Outside of “Sk8er Boi,” Let Go wasn’t really a pop punk album. Even “Complicated” is too slow to fit the bill, and the deeper cuts range from grungy alt-rock (“Losing Grip,” “Unwanted”) to sweeping balladry (“I’m With You”) to a handful of folky pop rock songs that weren’t all that different from what Michelle Branch was doing at the time. And as Avril’s career went on, most of her bigger hits drifted even further from pop punk, from the grunge-pop of “My Happy Ending” to the power pop of “Girlfriend” to the pop rock sugar-rush of “What the Hell” to the stadium-sized bombast of “Here’s to Growing Up” — all songs that have endured in their own ways but never felt as monumental as “Complicated” or “Sk8er Boi.” Her last album, 2019’s Head Above Water, was released after Avril had been cemented as an influence on today’s indie/punk music, but it didn’t take advantage of the moment, instead opting for some of Avril’s most polished pop yet.

There were moments where Avril returned to pop punk over the years, like for example, when she collaborated with Travis Barker on three songs and a bonus track from 2007’s The Best Damn Thing.

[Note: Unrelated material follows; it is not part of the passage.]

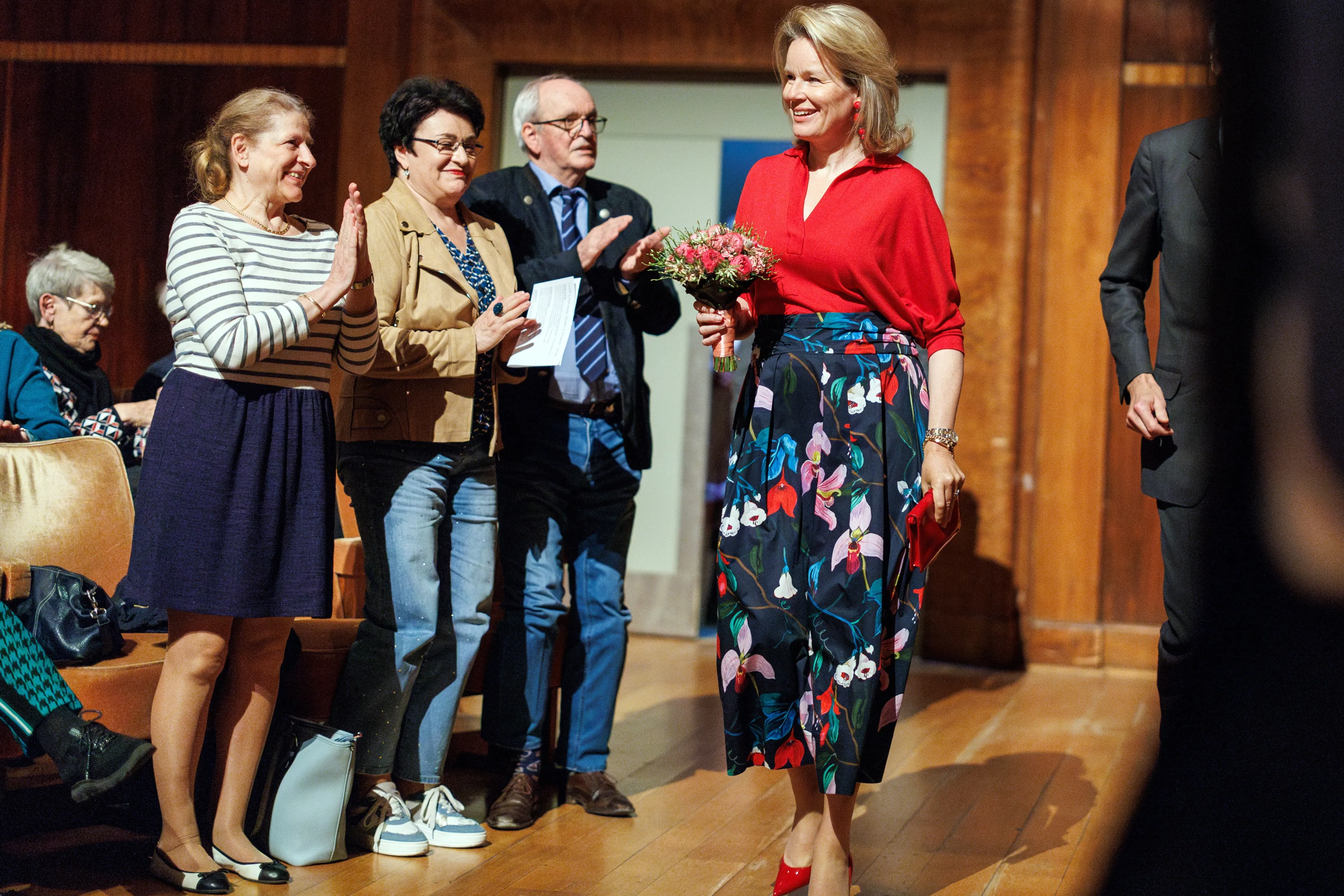 Koningin Mathilde heeft een aantal fleurige items in haar kast hangen. Zo haalt ze ook deze lente weer een exemplaar tevoorschijn. Het ontwerp van de maxi rox met tropische bloemendessin is van – hoe kan het ook anders – Mathilde's favoriete modehuis Natan.
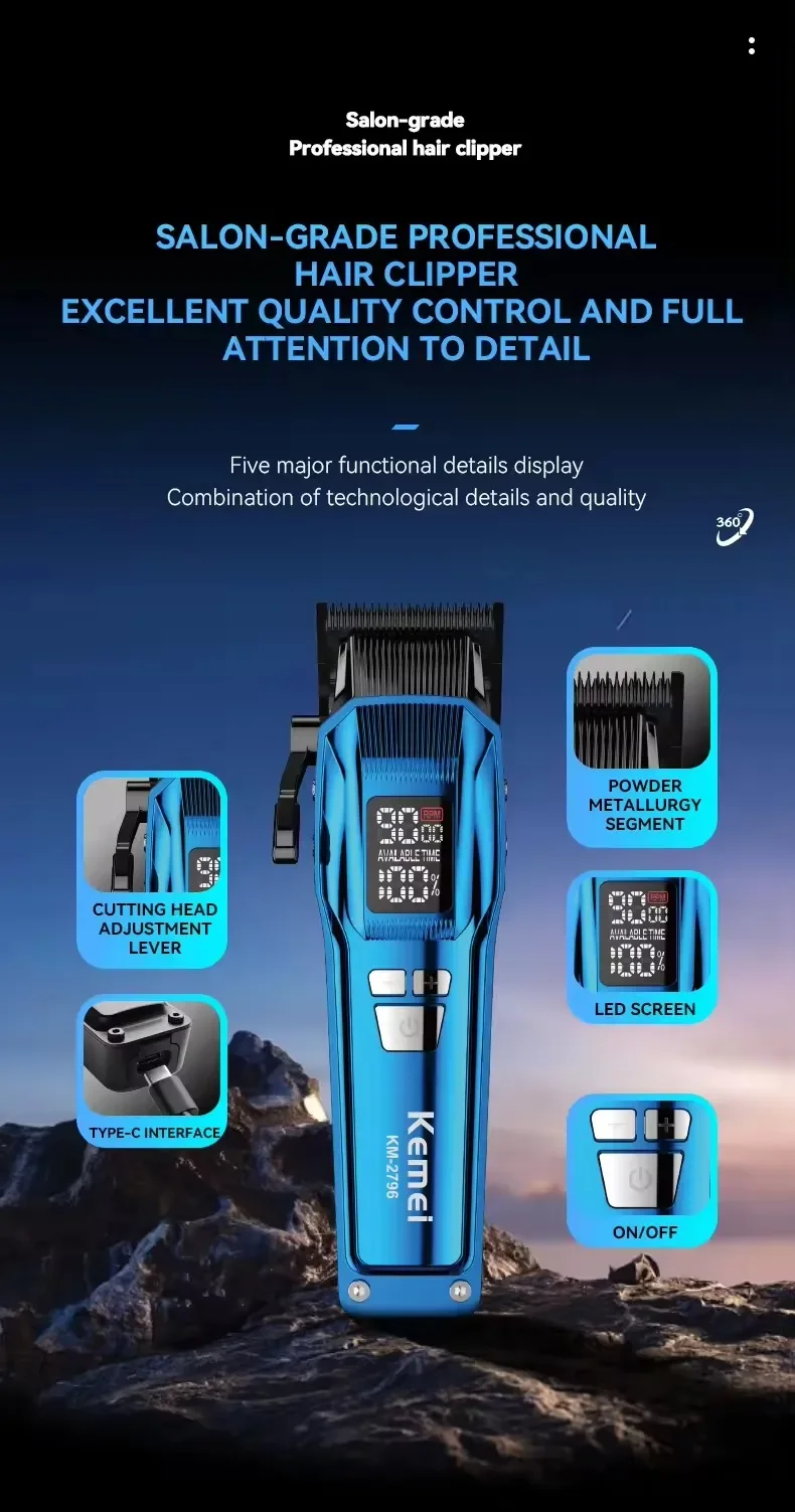 Kemei Hair Trimmer Professional Clippers Brushless Motor 9000 RPM Hair Cut Machine Electric Adjustable Trimmer for Men KM-2796

They proved to be a dynamic duo on those songs, so it’s great news that now, 15 years later, they’ve teamed up for an entire album, Love Sux. Travis drummed on it, co-produced it with frequent collaborator (and Goldfinger frontman) John Feldmann and emo-rap/pop punk act Mod Sun, and co-released it with Elektra on his label DTA Records, and it finds Avril and Travis diving back into their respective early 2000s sounds and finding the perfect middle ground. Calling it Avril’s return to pop punk would be an understatement; she has never committed to the bit like she does here.

As Avril was switching styles over the years, it often seemed like she didn’t know who she wanted to be, but on Love Sux, she knows exactly who she wants to be. It’s one of the most focused, cohesive albums of her career, and almost every song sounds like it’s crafted to be a hit. She’s tapping directly into the formula that she and blink-182 and other likeminded artists used to bring pop punk to the masses in the late ’90s and early 2000s, and aside from adding in a few more modern flourishes, she almost never deviates from it. It’s not the most revelatory album in the world, but it’s basically fan service for anyone who grew up on this sound and still loves it. It’s comforting and satisfying the way a TV reboot is. You might know in your head that there’s more original stuff out there, but that’s not gonna stop you from plopping down on the couch and watching the Gossip Girl and Sex and the City revivals. Love Sux is that same kind of easy but rewarding thrill.

Sometimes Love Sux‘s early 2000s pop punk revival is a little too on the nose (blink-182 could probably sue for the guitar riffs on “Kiss Me like the World Is Ending” if the members weren’t involved in this album), and sometimes it’s a little too silly, like “Bois Lie,” which is about exactly what you think it’s about until Machine Gun Kelly barges in to remind you that, hey, girls lie too! But even the moments that make you want to shake your head are so tightly crafted that you can’t help but give in to them. The most painful part about Love Sux isn’t any eyerolling lyric or stolen guitar riff; it’s that, if you’re someone who listened to pop punk in 2002, this album makes you feel so seen that it hurts.

Because of its overt nostalgia, it feels unlikely that Love Sux could ever have the same impact as a moment-defining album like Let Go, but even if nothing here ever gets as big as “Complicated,” the songs still feel like hits. Candy-coated rippers like “Cannonball,” “Bite Me,” “F.U.,” and the title track feel designed to get massive crowds screaming their heads off. Repeated listens come naturally, and it only takes a few to memorize all the words. Love Sux connects the Let Go era to the more hip hop-friendly sound of today’s pop punk revival with the emo-rap-leaning Blackbear collab “Love It When You Hate Me,” and it works in a couple modern sounding alt-pop power ballads with “Avalanche” and “Dare to Love Me.” One of its major standouts is “All I Wanted,” a song that unites Avril with Travis’ blink-182 bandmate Mark Hoppus and sounds like it would’ve dominated pop culture two decades ago. It occupies the exact middle ground between what Avril and blink-182 were doing in the early 2000s, and it’s one of the better songs that either artist has released in the past decade.

Some may argue that the Travis Barker-fication of modern pop punk has made the genre too homogenous, but I think albums like Love Sux prove that when the artist has their own unique flair and power — as Avril definitely does — Travis’ influence (and unmistakable drumming) becomes a useful tool, not an overbearing factor. On Love Sux, Avril and Travis and their other collaborators just sound like a great team. They bring out the best in each other, and they’ve made a record that really plays to both of their strengths. Avril’s taking advantage of the moment that pop punk is having right now, but she’s not bandwagon jumping. She’s finally making the album that she’s had in her for a very long time.